The Center for Cognition and Neuroethics
Who We Are
The Center for Cognition and Neuroethics (CCN) is a joint venture between the Philosophy Department at the University of Michigan-Flint and the Insight Institute of Neurosurgery and Neuroscience (IINN).
CCN supports interdisciplinary ventures with the conviction that the skills and knowledge that individuals from different disciplines and professions bring to a partnership enrich and inform the others, thereby creating unique, synergistic research that would not be possible in an isolated disciplinary environment.
What We Do
CCN breaks down barriers that exist between scholarly disciplines and that surround professions. We support research activities across multiple fields and professions by creating, fostering, and supporting collaborations and communication across student and professional spheres. From opening doors for students to advancing careers of professionals, from working with local clinicians to collaborating with scholars around the world, our activities set in motion intellectual and creative growth that will have long-lasting and valuable impact.
Why
Our mission is to inspire students and professionals to challenge and transform ideas, to provide valuable communal and research spaces, to provide the points of interaction that create opportunities for connections, collaborations and partnerships, and to connect sympathetic scholars, policy makers, activists, artists, teachers and students throughout the world. Underlying all CCN operations is one simple question: is there a better way? In everything we do, we seek out and implement better approaches to help us achieve CCN’s goals efficiently and to optimally support the efforts of our project partners.
Dr. Shah on CCN
In an interview by the University of Michigan-Flint, Dr. Jawad Shah, neurosurgeon, CCN Co-Director and Advisory Board Member, and President of the Insight Institute of Neurosurgery and Neuroscience (IINN), discusses the creation of CCN.
Our Projects
Ethics and the Brain
Scientific progress raises a myriad of difficult questions about our place in the world, human purposes and values, and the legitimacy of educational, social, legal, medical and political policies that both assume and affect human abilities, choices, and actions. CCN organizes projects that bring together scholars and thinkers from all fields, professions and disciplines to explore the complex relationship between what research is telling us about how humans work and the implications of founding social policies on scientific claims.

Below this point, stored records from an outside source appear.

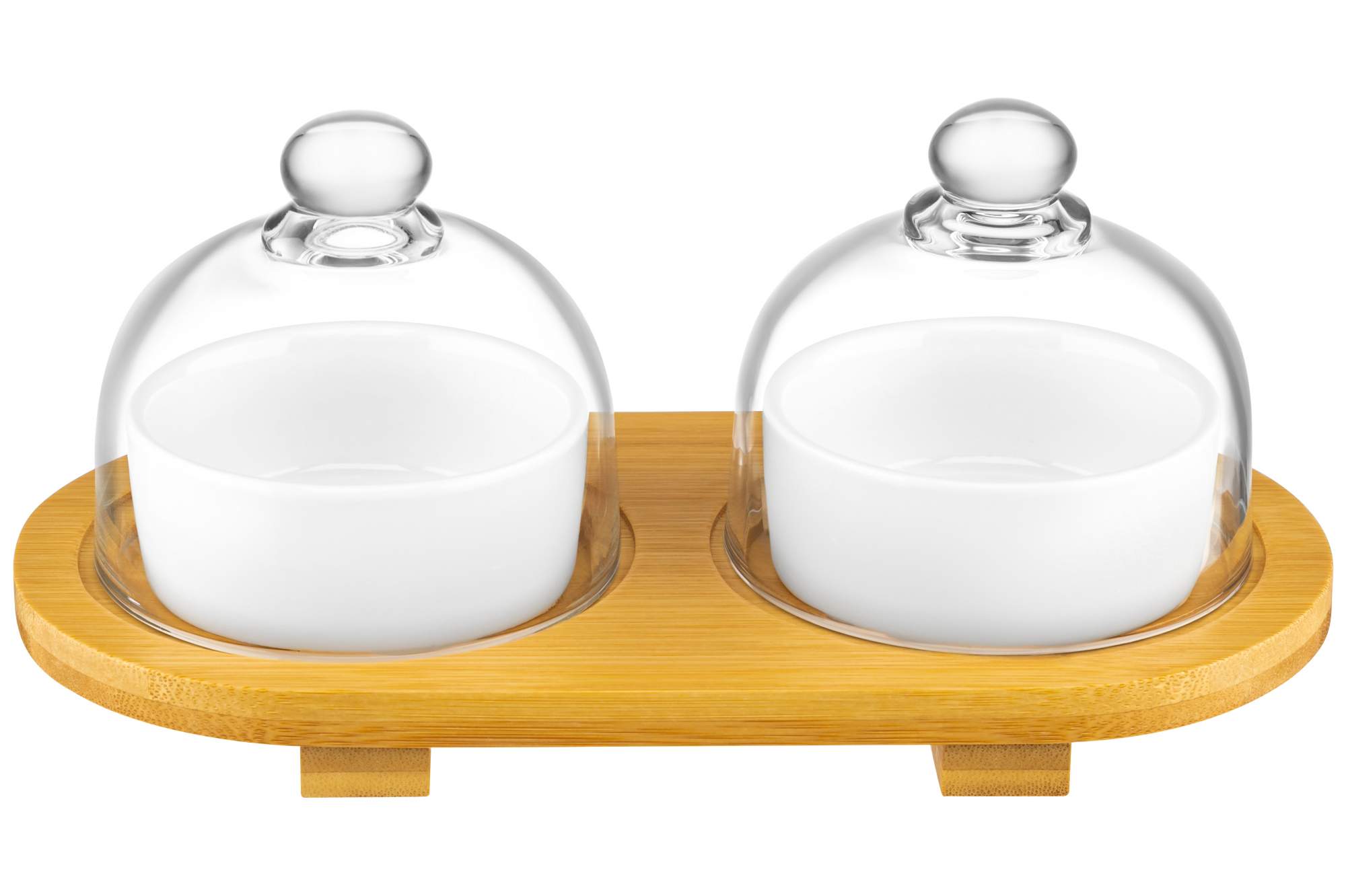 БЫЛО 1028 руб! Набор 2 блюд 22*11*9,5 см "Айсберг" + стеклянные крышки + дер.подставка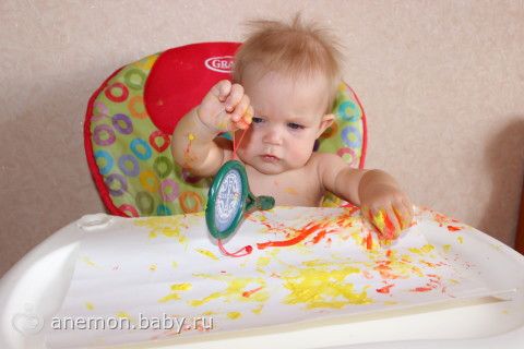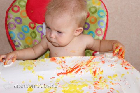 Да ладно. Это пальчиковые краски, они очень легко смываются. Я вот с Тасей на руках все и вытерла.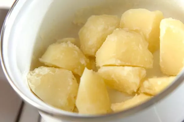 1、鍋にジャガイモと分量外のかぶる位の水を加え、強火にかける。煮たったらジャガイモが柔らかくなるまで約10分ゆでる。ゆで汁を捨てて強火にかけ、鍋を揺すりながら水分を飛ばす。

At their most fundamental level, humans form values and make choices. Understanding the values they have and the choices they make requires understanding how we experience ourselves and our world which, in turn, requires that we more fully understand how how humans think, reason, deliberate, and perceive.
Ethical Urban Living
Urban areas are towns, cities, and suburbs that feature high population densities situated in a built-up physical landscape. Within these spaces, social policies and legal institutions have a dramatic effect on the way we are able to live our lives, from quality of water, air and food issues to employment, educational and cultural opportunities and experiences; from matters of public and private health, safety and security to the expression of justice, liberty and freedom. Thus urban areas are the perfect place to see both how practices, both just and unjust, well-reasoned and ill-conceived, take effect.